Было тихо, но порой некстати, невпопад, как вспугнутые со сна, начинали трещать автоматы, в их трескотню насильственно вмешивался нечастый щелкающий гул винтовочных выстрелов, и снова все затихало.
Иногда ослепительно холодный зеленоватый свет вплывал в вышину и озарял окрестность: это неприятель, боясь, что подползет наша разведка, бросал ракеты; тогда тени елей острыми черными треугольниками проектировались на равнину, ветви изуродованных осколками берез колеблющейся сетчатой тенью ложились на мерцающий наст, набухали и, как щупальца, ползли через тропинку. Но вот ракета, достигнув своего зенита, на мгновение замирала в высоте и плавно, печально падала вниз, и деревья спешили обратно вобрать в себя свои тени, и тени торопились к ним.
На полпути к КП батальона Карцев присел отдохнуть возле подбитого танка. Ноги почему-то ныли, во рту был неприятный металлический привкус, вещевой мешок давил на плечи — сказывалась ранняя выписка из госпиталя, голод. Но таким холодом несло от промерзшего железного корпуса, такая стужа проняла вдруг Карцева, что он с минуты не высидел, пошел дальше.
Дойдя до поросшего кустарником бугра, согнувшись в три погибели, увязая в снегу, пошел он по его склону, не по верху.

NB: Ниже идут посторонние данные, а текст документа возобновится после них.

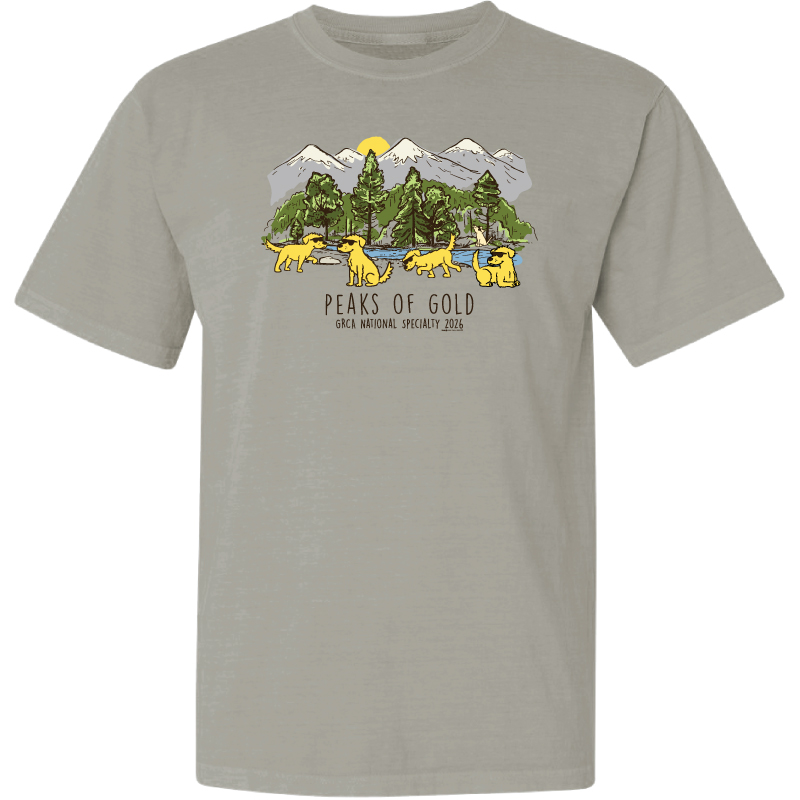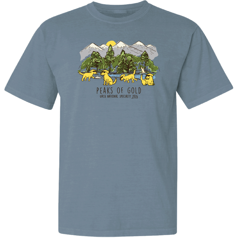 We are offering the Classic Short Sleeve tee in a variety of colors! As a fund-raiser for the GRCA National, orders are placed with Teddy the Dog once was have met order minimums. Then the order will ship to you.
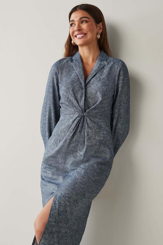 Сукня жіноча міді синього кольору. У складі 52% льону та 48% котону.. Верх як сукня-піджак, попереду розріз. Колекція Petite
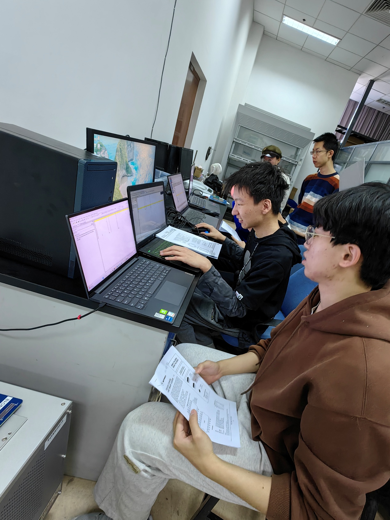 基于自测所最新研制的BC3192EX超大规模集成电路测试系统,刘工设计了丰富的测试编程样例,现场检验学生对芯片数据手册的理解程度并耐心指导测试向量编写,确保每位学生真正理解毕业设计的内容与目标。刘工还详细讲解了BC3192EX测试系统的结构、工作原理以及测试程序的编写方法。学生们现场逐一使用BC3192测试机进行了芯片的测试。课程内容以毕设项目为任务驱动,以夯实学生编程基础,提高学生的集成电路测试技术和解决问题的能力为目标,将测试工程师级标准的能力培养融入毕设的实践过程,有效整合测试企业、学院集成电路测试特色课程群、超大规模集成电路测试平台三方资源,培养企业能用,好用的应用型人才。
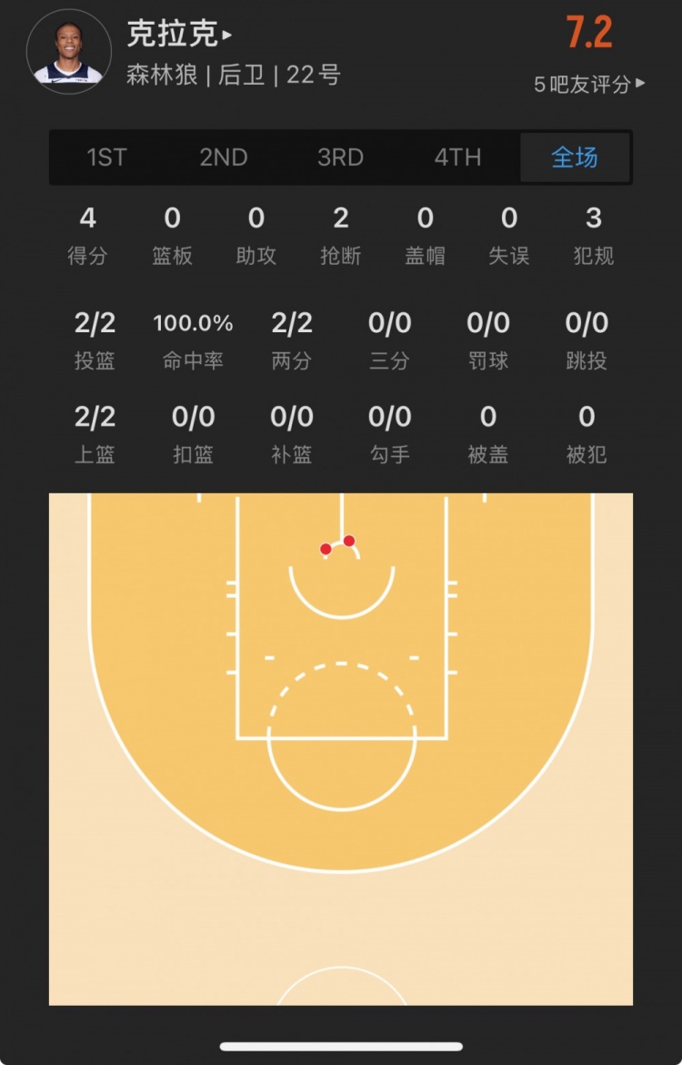 森林狼23年53號秀 杰倫-克拉克 登場11.6分鐘
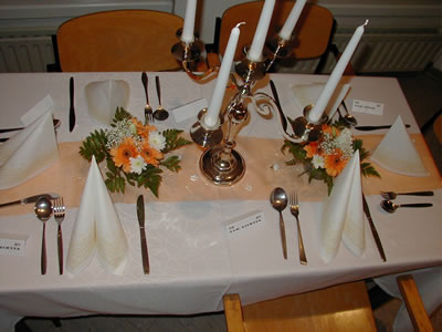 Оформлено было в неярко-розовом, белом и светло-золотистом тонах. На столы гостей шили розовые Tischläufer, посередине Blumengesteck из белых роз и две длинных белых свечи в стеклянном подсвечнике. Стол молодых был украшен как обычно драппировкой из розовой и золотой ткани, большой Blumengesteck в центре и маленькие, такие же как у гостей по краям. Сзади стояла арка с драппировкой и искуственными цветами. Хотели на края столов еще золотые банты большие прикрепить, но забыли взять с собой а потом уже не до того было.
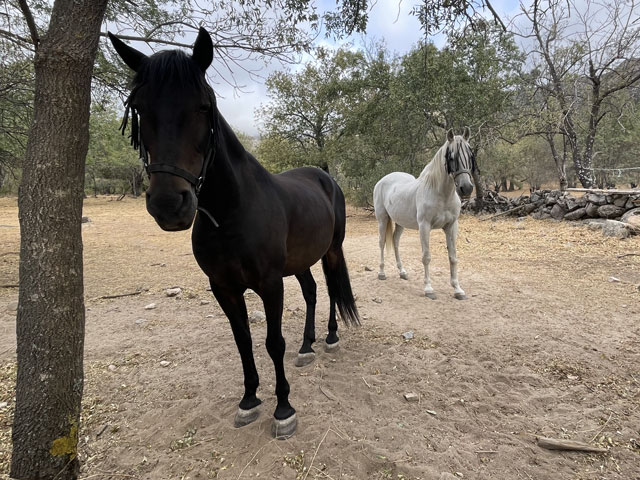 Heute waren es nur etwas über 20 km, weshalb keine Eile angesagt war und wir auch erst nach acht nacheinander aufgebrochen sind. Die ersten zehn Kilometer bis Mataelpino ging es auf einem planierten Waldweg, auf dem auch immer mal Bauern oder Pferdebesitzer mit ihren Autos fahren, denn hier haben einige Pferdekoppeln und Viehweiden, die sich aber in der weiten Landschaft fast verlieren. Witzig war ein Brunnen mit Wasserbecken, an dem Schilder angebracht waren, dass Hunde dort nicht trinken dürfen. Da man da aber vor Kuhfladen gar nicht treten konnte, sind andere Tiere von dem Verbot offenbar ausgeschlossen.
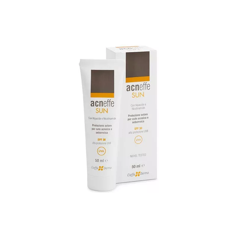 Crema appositamente studiata per la protezione solare della cute acneica e/o seborroica. Oltre a contrastare i fattori che determinano l'insorgenza dell'acne, i principi attivi in essa contenuti proteggono le strutture cellulari dai danni indotti dalle radiazioni UV, stimolando contemporaneamente la produzione di melanina.
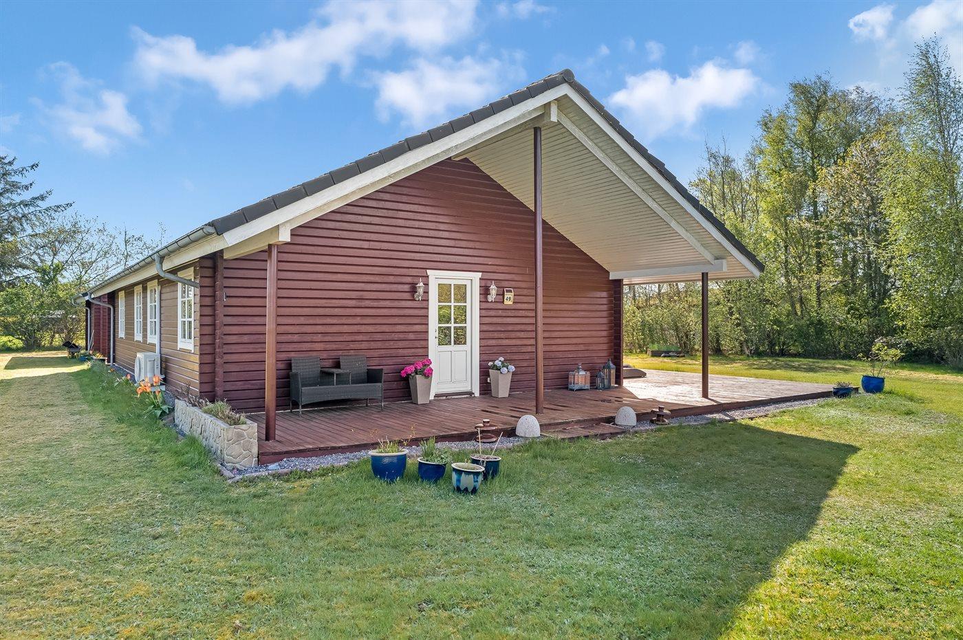 Ferieboligen er beliggende på en 1252 m² stor havegrund. Der er 1100 m til havet. Der er 600 m til fjorden. Nærmeste forretning er beliggende i en afstand af 350 m. Der er en golfbane i en afstand af 3380 m. Til ferieboligen hører åbent terrasseareal. Desuden er der overdækket terrasse. Grill til rådighed. Parkering ved ferieboligen.

Бугор простреливался, и хоть ночью финнам и не было видно, ходят по нему или нет, но пулеметы у них были установлены так, чтобы и в темноте, наугад, хлестать по пристрелянному гребню, — нет-нет да и дадут очередь. Вот и теперь раздалось несколько выстрелов, и пули прошли над бугром, сбивая ветки с кустов. Карцев обрадовался своей осторожности: пойди он верхом — могли бы ранить или убить, и лежать бы ему со своим грузом на снегу. Прежде он, бывало, и днем, по какой-то странной лени, чтобы сократить дорогу на КП и не карабкаться по склону, перебегал бугор поверху. Но последние два дня он стал осмотрителен, стал бояться, что его ранят и он так и не попадет в город к жене. Сейчас же он был особенно осторожен: в своем мешке за плечами он нес не только свои припасы, но и две посылки товарищей по роте. Три жизни он нес за плечами и отвечал за них.
Но вот он дошел до КП и доложил, что отбывает.

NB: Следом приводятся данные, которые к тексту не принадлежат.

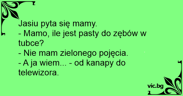 - Mamo, ile jest pasty do zębów w tubie? - Nie mam pojęcia, syneczku. - A ja wiem! Od telewizora do kanapy!
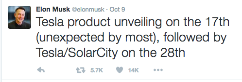 作為特斯拉的創(chuàng)始人和 CEO, 他幾天前在Twitter上說(shuō),10月17號(hào)特斯拉會(huì)有一個(gè)新產(chǎn)品發(fā)布。而且他還強(qiáng)調(diào),這個(gè)產(chǎn)品“非常讓人意想不到”(Unexpected by most)。
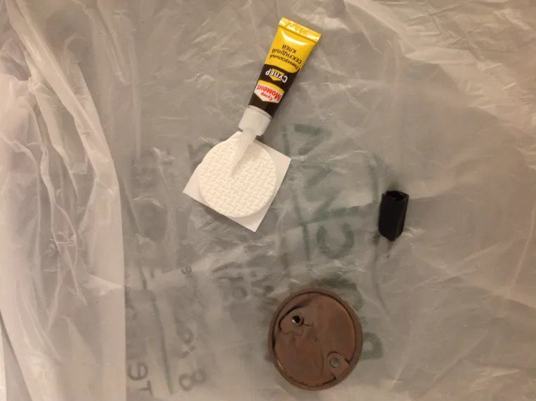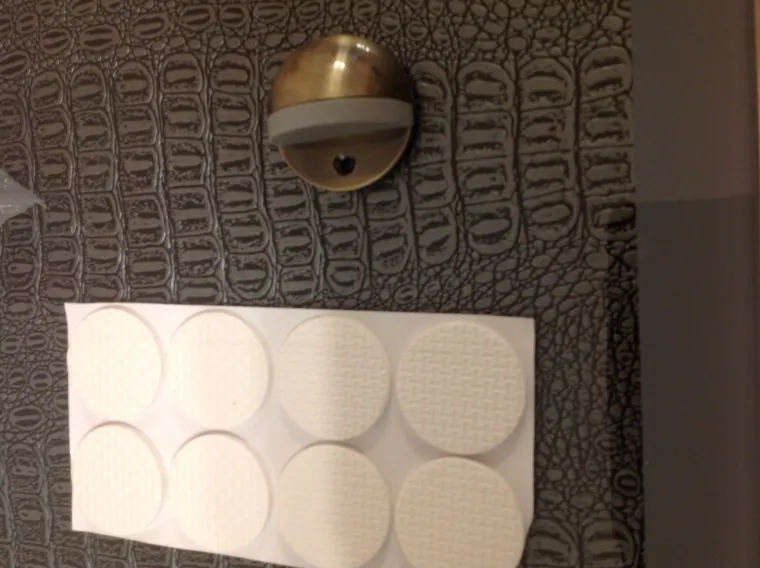 Но вот прокладочки такой в оби тоже не было, зато были прокладочки для мебели (наклеиваются на ножки мебели, чтобы не царапала пол). Вопрос того, чтобы приклеить прокладочку к стопперу я решил побороть с помощью клея момент.

— Ни пуха ни пера, — сказал майор, — смотри не опоздай, и так три дня дал тебе.
Потом, когда Карцев открыл дверь землянки, чтобы выйти, комбат задержал его:
— Тут письма идут на Мухина, бойца из третьей роты, ленинградца, а он больше недели как убит. Извещение мы жене послали, да сейчас там в городе плохо почта действует, ты уж зайди к его жене и скажи, что так, мол, и так. Конечно, поручение не очень веселое, но ты постарайся, сделай!
Карцев записал адрес и сказал:
— Будет исполнено, товарищ майор.
Когда он дошел до дивизии, ему повезло: оттуда шла машина в город, порожняком. Грузовик был открытый, в передней его части на подостланном брезенте уже сидело несколько человек — выбрали место потеплее, за кабиной, где не так обдувает ветром.

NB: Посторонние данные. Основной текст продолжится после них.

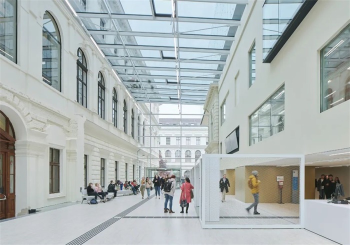项目拆除了建于 1970 年代的扩建部分后,发掘了隐藏在下面、位于图书馆北侧的历史立面,并重新在前面打造了通透的公共空间,连接了图书馆与历史建筑。新建筑不仅达到了 21 世纪图书馆设计的标准,也将不同的结构、功能、房间、风格结合成为统一的整体。建筑师 Thomas Pucher 还为图书馆设计了透明的中庭,以此连接图书馆和大学的主楼,并将多年来不同风格的扩建、增建部分合为一个整体。
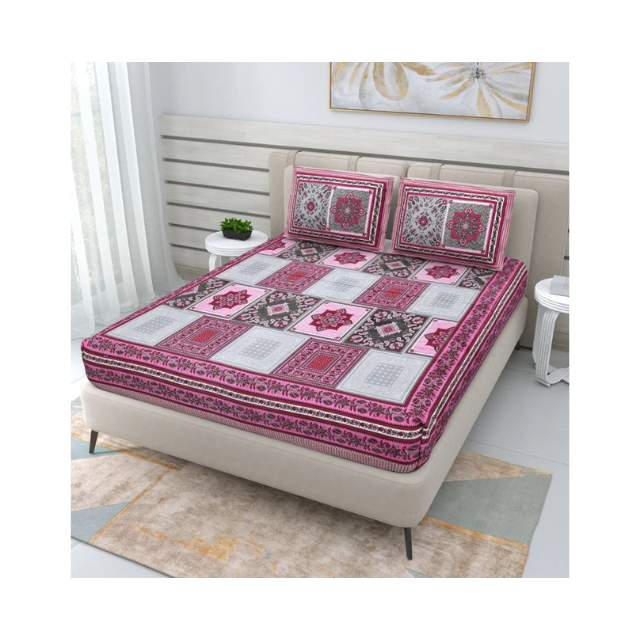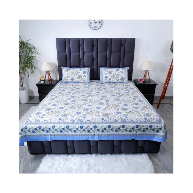Green Traditional Indian Origin Embroidered Queen Sheet 100% Cotton With Reactive Print Technique For Eco Friendly Export Orders
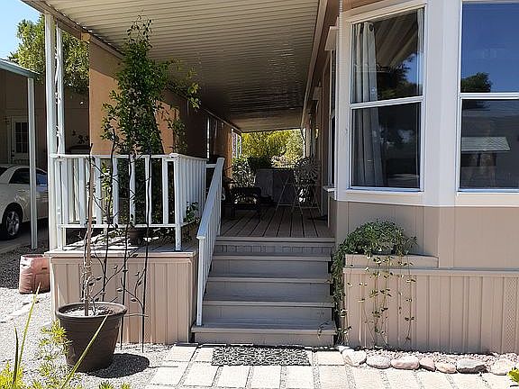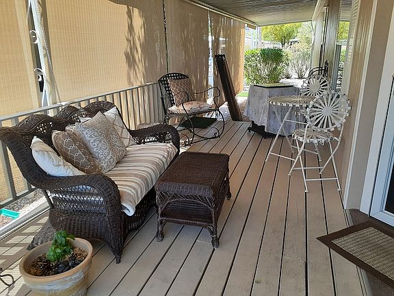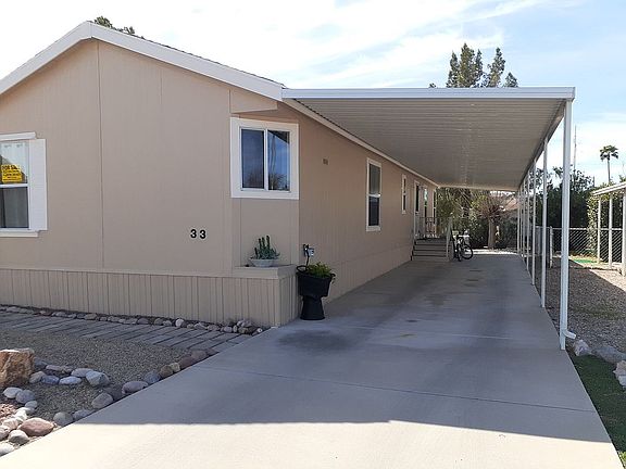 2004 Champion looks like new with current inspection in hand. Super clean and well maintained home features freshly painted exterior and interior. Interior has rounded corners and tape and texture. Cabinets have hidden hinges and a newer Bosch dishwasher in the kitchen and a view of the mountains from the sunny window. Take a look at this 2 bed 2 bath, cute front porch for morning and evening relaxing. Pavered area and back yard with shade in summer. Gas cooking and heat, washer and dryer stay. HOA dues are rent for space, there is an additional fee for the gate security that is staffed 24 hrs. Retirement living in Tucson Meadows, a 55 + community with security gate, clubhouse, pool hot tubs and fitness center with all of the activities. Lot rent in this park is 598 per month

— Здравствуйте, — сказал Карцев и сел на пустой ящик посреди площадки.
— Вы, товарищ, — вот звания не знаем, — садитесь к нам сюда, места хватит, — промолвил кто-то из сидящих.
— Спасибо, спасибо, вам и так тесно, я здесь посижу, — ответил Карцев.
И хоть он и остался сидеть на прежнем месте, но от этого приглашения ему словно теплее стало. «Хорошие люди, всюду есть хорошие люди», — подумал он.
Было темно, тихо. Карцев сидел и невольно слушал, как один из сидящих впереди, видимо сержант или старшина, вполголоса рассказывал соседу о каком-то Смирнове: «...я ему говорю: «Ты брось, от этого добра не будет». А он мне: «Не твое дело, в этом мне никто не начальство, вода не водка, пить не запретишь». Вот он придет с поста, наложит этого учебного сахару, соли то есть, в кипяток — и пьет. Ну, пухнуть стал. Тогда я уж по-другому...»
Но тут загудел, зафыркал мотор, и грузовик тронулся, «Как мне везет сегодня... — со слегка суеверным чувством подумал Карцев. — Лучше бы все вначале похуже, зато потом получше».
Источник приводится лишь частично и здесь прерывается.